**Task data**
((

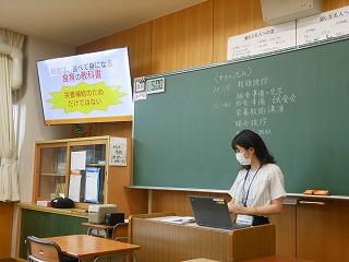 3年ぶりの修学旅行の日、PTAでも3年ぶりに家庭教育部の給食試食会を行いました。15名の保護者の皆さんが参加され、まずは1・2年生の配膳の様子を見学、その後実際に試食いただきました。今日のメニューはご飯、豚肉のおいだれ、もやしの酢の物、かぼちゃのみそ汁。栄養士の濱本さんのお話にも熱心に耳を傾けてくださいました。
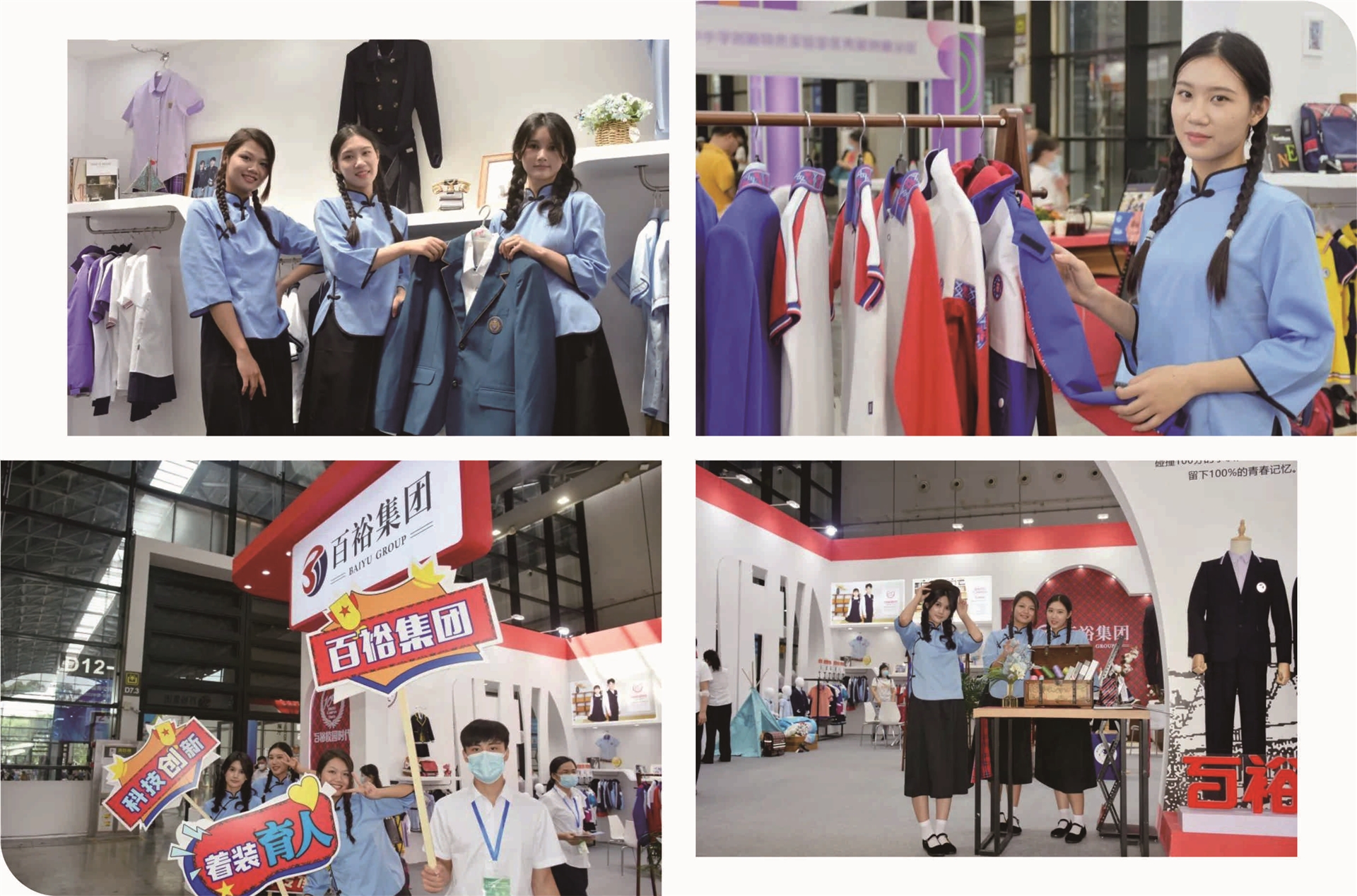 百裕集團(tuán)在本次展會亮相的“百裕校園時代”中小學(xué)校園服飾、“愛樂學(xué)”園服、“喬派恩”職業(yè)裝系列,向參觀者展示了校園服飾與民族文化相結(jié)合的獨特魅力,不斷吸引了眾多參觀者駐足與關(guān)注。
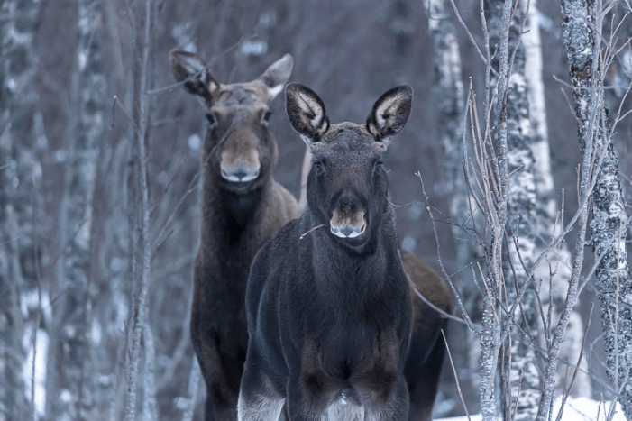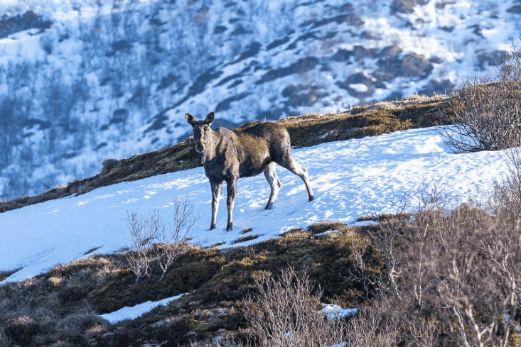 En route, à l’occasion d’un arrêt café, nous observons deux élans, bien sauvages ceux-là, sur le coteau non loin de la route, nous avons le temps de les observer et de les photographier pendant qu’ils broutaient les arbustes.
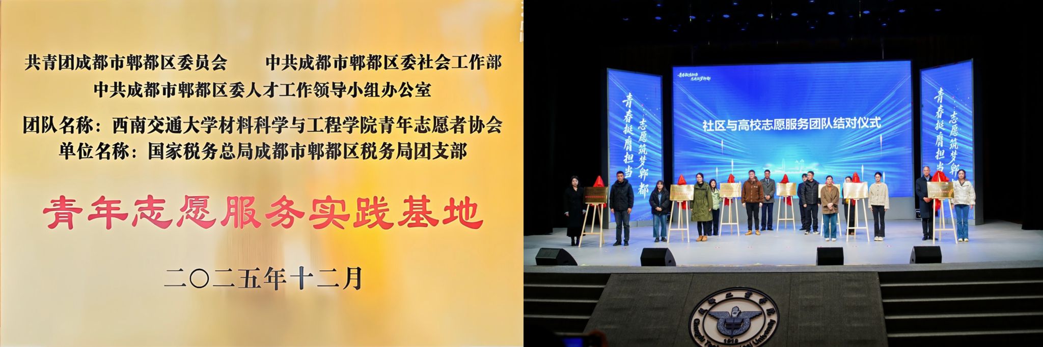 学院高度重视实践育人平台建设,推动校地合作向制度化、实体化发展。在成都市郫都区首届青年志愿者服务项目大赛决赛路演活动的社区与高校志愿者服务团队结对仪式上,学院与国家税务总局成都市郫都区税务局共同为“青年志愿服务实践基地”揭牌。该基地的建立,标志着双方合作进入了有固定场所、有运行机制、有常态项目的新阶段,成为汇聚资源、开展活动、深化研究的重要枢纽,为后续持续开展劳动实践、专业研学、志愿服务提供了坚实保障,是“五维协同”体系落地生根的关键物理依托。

))
((

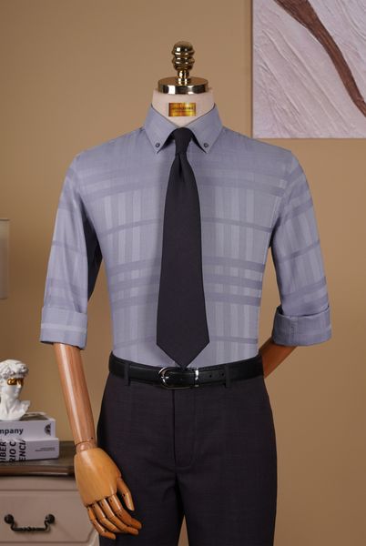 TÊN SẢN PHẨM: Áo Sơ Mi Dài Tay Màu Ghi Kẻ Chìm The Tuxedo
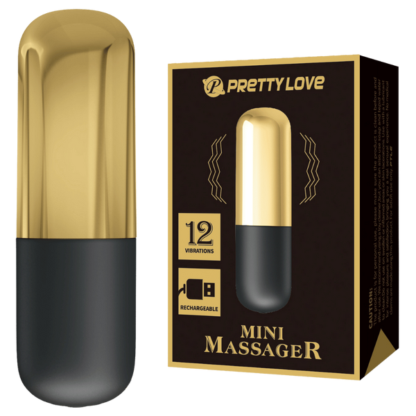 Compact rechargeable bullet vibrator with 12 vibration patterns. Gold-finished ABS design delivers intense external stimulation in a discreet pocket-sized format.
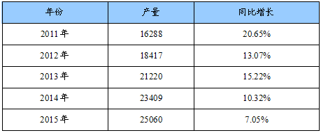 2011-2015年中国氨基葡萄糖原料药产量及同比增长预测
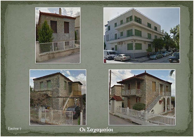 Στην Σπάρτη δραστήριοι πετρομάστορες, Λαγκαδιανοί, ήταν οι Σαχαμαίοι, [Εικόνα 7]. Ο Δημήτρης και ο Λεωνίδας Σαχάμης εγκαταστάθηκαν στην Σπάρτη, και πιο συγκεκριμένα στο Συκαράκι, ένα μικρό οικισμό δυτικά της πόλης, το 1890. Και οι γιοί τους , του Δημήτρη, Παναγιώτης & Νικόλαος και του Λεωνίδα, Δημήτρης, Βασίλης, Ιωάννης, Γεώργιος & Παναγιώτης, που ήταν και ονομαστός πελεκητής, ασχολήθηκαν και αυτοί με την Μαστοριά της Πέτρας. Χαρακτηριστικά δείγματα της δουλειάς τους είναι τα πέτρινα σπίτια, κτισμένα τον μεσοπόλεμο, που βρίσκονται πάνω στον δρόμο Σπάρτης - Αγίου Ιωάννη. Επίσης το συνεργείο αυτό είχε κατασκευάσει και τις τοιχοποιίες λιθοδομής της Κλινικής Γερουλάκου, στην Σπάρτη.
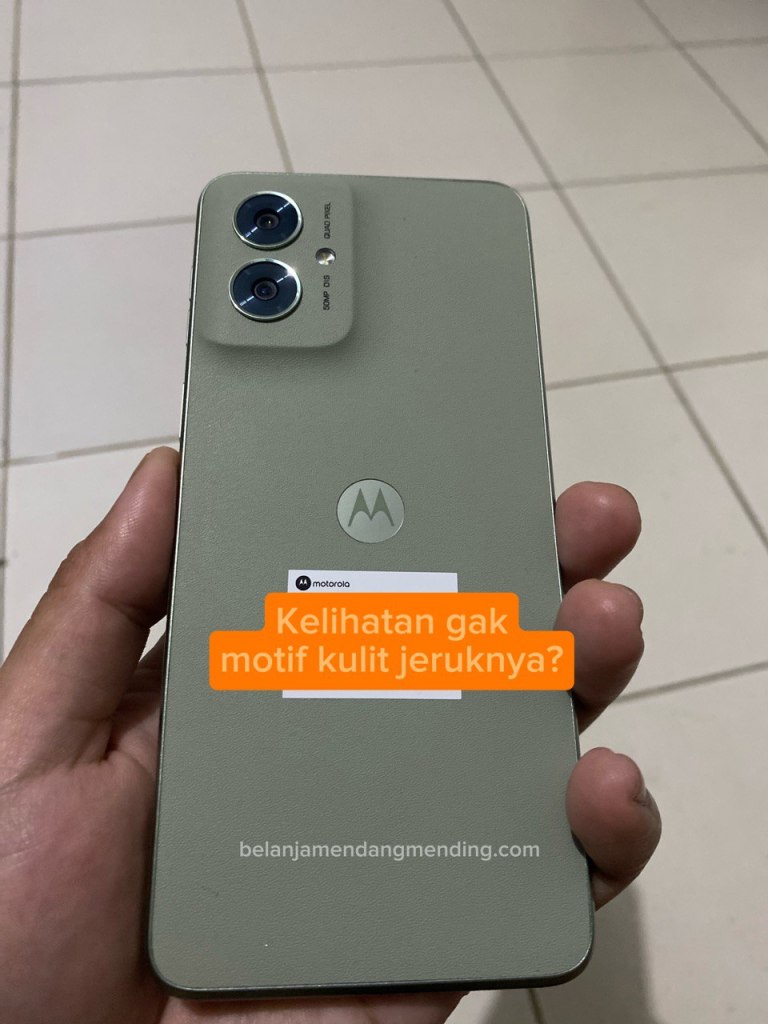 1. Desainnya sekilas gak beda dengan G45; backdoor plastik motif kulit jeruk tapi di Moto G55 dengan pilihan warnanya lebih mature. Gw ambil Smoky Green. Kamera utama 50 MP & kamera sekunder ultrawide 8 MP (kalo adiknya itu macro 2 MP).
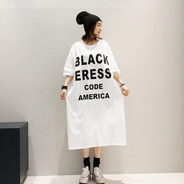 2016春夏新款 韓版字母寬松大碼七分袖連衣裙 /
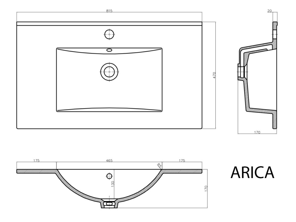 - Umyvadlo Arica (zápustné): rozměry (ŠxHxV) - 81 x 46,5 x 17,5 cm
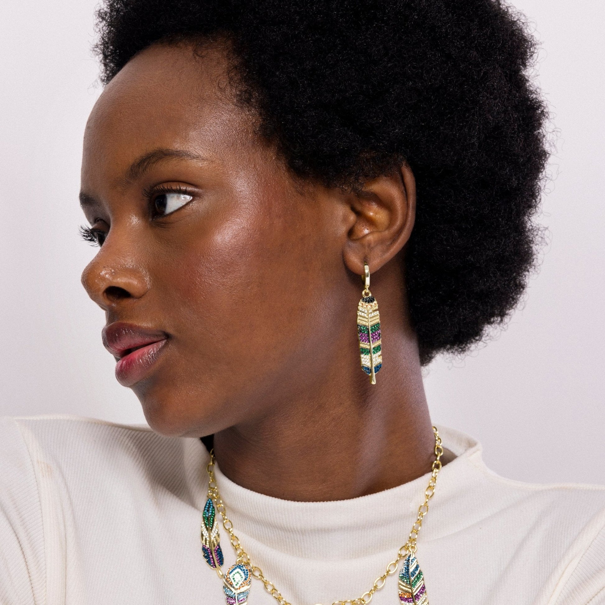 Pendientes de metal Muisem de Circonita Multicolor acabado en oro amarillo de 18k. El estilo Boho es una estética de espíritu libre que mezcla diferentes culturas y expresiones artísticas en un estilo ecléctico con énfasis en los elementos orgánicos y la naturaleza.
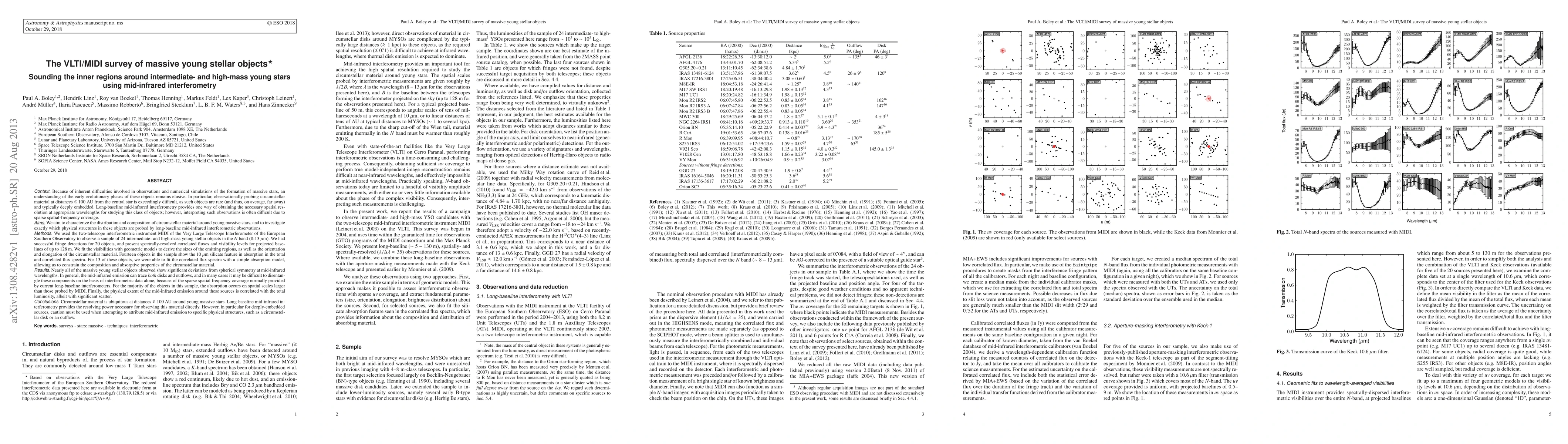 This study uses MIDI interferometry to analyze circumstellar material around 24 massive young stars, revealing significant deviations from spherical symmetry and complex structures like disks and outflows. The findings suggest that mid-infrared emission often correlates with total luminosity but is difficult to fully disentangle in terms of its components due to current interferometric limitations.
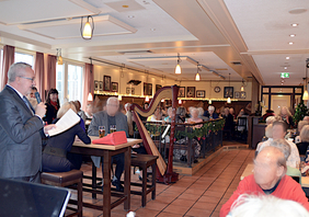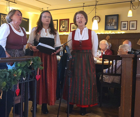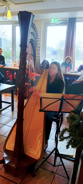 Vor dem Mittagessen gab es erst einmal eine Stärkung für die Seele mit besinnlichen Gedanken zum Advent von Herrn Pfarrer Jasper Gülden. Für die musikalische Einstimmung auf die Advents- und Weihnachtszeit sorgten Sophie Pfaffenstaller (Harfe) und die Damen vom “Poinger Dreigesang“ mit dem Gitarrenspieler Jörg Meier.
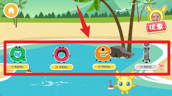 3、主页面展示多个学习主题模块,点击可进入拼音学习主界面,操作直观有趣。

))
((

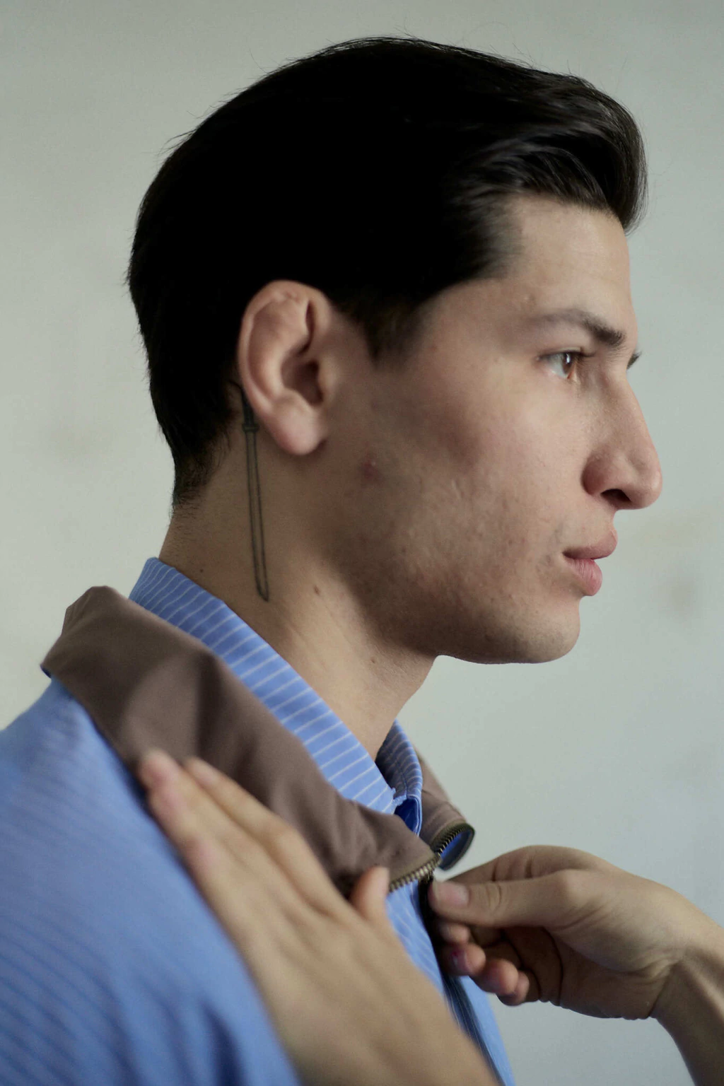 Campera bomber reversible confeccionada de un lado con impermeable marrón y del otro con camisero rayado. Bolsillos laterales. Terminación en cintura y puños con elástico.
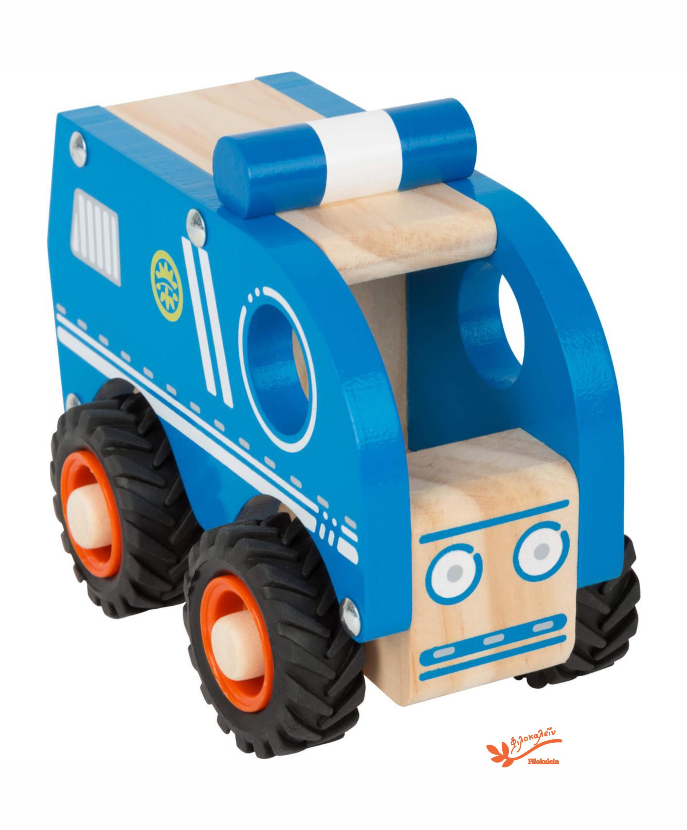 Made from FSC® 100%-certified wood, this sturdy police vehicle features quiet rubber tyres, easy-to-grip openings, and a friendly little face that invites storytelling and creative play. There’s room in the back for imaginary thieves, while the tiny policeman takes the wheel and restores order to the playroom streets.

))

**What the task requires**
Extract, without any images, the part of the material above that opens with the line containing "3年ぶりの修学旅行の日、PT" and closes with the line containing "En route, à", both lines included.

**Written reply**
 3年ぶりの修学旅行の日、PTAでも3年ぶりに家庭教育部の給食試食会を行いました。15名の保護者の皆さんが参加され、まずは1・2年生の配膳の様子を見学、その後実際に試食いただきました。今日のメニューはご飯、豚肉のおいだれ、もやしの酢の物、かぼちゃのみそ汁。栄養士の濱本さんのお話にも熱心に耳を傾けてくださいました。
 百裕集團(tuán)在本次展會亮相的“百裕校園時代”中小學(xué)校園服飾、“愛樂學(xué)”園服、“喬派恩”職業(yè)裝系列,向參觀者展示了校園服飾與民族文化相結(jié)合的獨特魅力,不斷吸引了眾多參觀者駐足與關(guān)注。
 En route, à l’occasion d’un arrêt café, nous observons deux élans, bien sauvages ceux-là, sur le coteau non loin de la route, nous avons le temps de les observer et de les photographier pendant qu’ils broutaient les arbustes.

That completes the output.